Additional Performance Tweaks
The work didn’t stop with caching and serialization. We made several other key improvements:
-
Data Reduction: We analyzed payloads and database queries, eliminating unused data. This reduced the response size of some endpoints (user profile, content metadata) by up to 20%.
-
Asynchronous Handlers: Starting with Django 4.0, we adopted async views. While this doesn’t speed up a single request, it dramatically improves concurrency and overall throughput for I/O-bound tasks by using resources more efficiently.
-
Garbage Collection Tuning: We noticed Python’s GC was triggering too frequently due to the allocation of millions of objects from processing large data structures. The default thresholds were too low for our workload. We adjusted them for better performance:
import gc # New thresholds: 10_000 allocations, 100 gen1 collections, 100 gen2 collections gc.set_threshold(10000, 100, 100)
This yielded a ~5% improvement in response times without impacting memory stability.
Warning: GC tuning requires careful testing.
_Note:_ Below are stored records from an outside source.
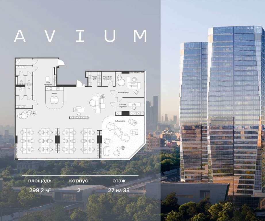 Продажа премиальных офисов в бизнес центре AVIUM. Две 34-этажные башни, объединённые галереей и дочерним корпусом.
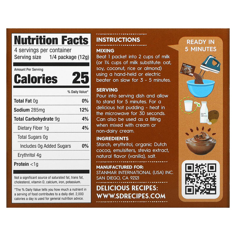 Inform when this item available: Natural Simply Delish, Plant-Based Instant Pudding, Chocolate, Sugar Free, 1.7 oz (48 g) - 48.19 g / 0.06 / 0.134
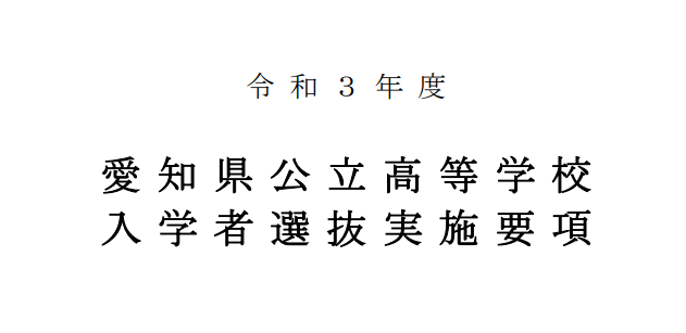上記リンク先に、愛知県教育委員会が発行している「愛知県公立高等学校入学者選抜実施要項」があります。
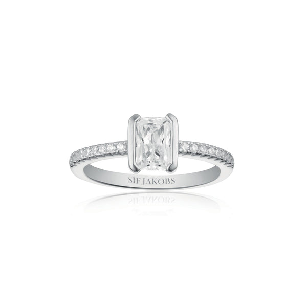 Roccanova bietet viele Varianten von Größen, von süßen kleinen Ohrringen bis hin zu massiven Statement-Ringen mit einem großen smaragdgeschliffenen Zirkonia, der die Köpfe drehen wird. Alle Steine sind in einer Spannungs- oder Tensionsfassung gefasst, die eine Technik verwendet, um den Zirkonia an Ort und Stelle zu halten. Dies erzeugt die Illusion, dass der Stein zwischen den Metallteilen auf elegante Weise schwebt.
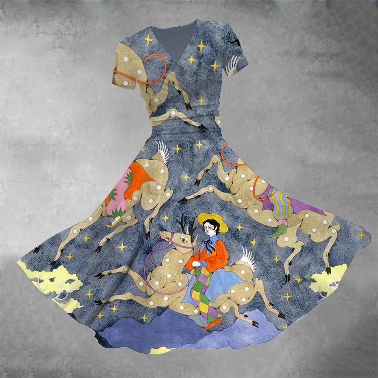 Women's Art Print V Neck Swing Dress
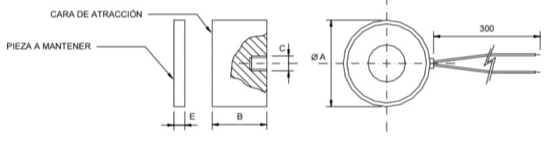 | Modelo tamaño | Medidas (mm) | Potencia P(W) | Factor de marcha E.D. | Fuerza de mantenimiento Fm(N) | Espesos de la pieza a mantener E(mm) | Peso (Kg) | ||
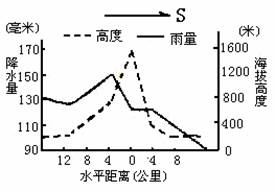 下图是“我国某山地在一定高度范围内南北坡年降水量随高度变化示意图”,读图回答4―6题。

Always validate stability before deploying to production.
-
Python Version Upgrade: We upgraded from Python 3.8 to 3.11. This required updating some code and dependencies but provided a ~10% performance boost out of the box, thanks to ongoing optimizations in the interpreter itself.
Results and Key Takeaways
The combined effect of these optimizations was cumulative and decisive. We achieved our goal of stability during peak loads.
-
Drastically Reduced Latency: The 99th percentile response time for key endpoints (program guide, video stream) dropped from 900-1500ms to a stable 250-600ms.
-
Database Load Relief: Database queries during peak times were reduced several-fold thanks to smart caching and data reduction. Final server CPU load stayed below 50%, compared to 90%+ before the changes.
-
Increased Throughput: Our application servers handled up to 3x more requests per second on the same hardware due to reduced CPU load (from
orjson
) and more efficient resource usage (async, GC tuning).
The final takeaway: There is no silver bullet for performance. High performance is the result of a systematic approach and attention to detail. Standard optimization advice provides a necessary foundation, but weathering real-world traffic storms requires deep analysis and a willingness to implement precise, sometimes non-trivial, changes.
Start with profiling, find your specific bottlenecks, and be prepared to dig deeper than common practices. If your Django service is struggling, don’t be afraid to go beyond the docs. Use metrics, Django Debug Toolbar, and flamegraphs. Try orjson
and experiment with GC settings — sometimes, it’s these finer details that save you under millions of requests.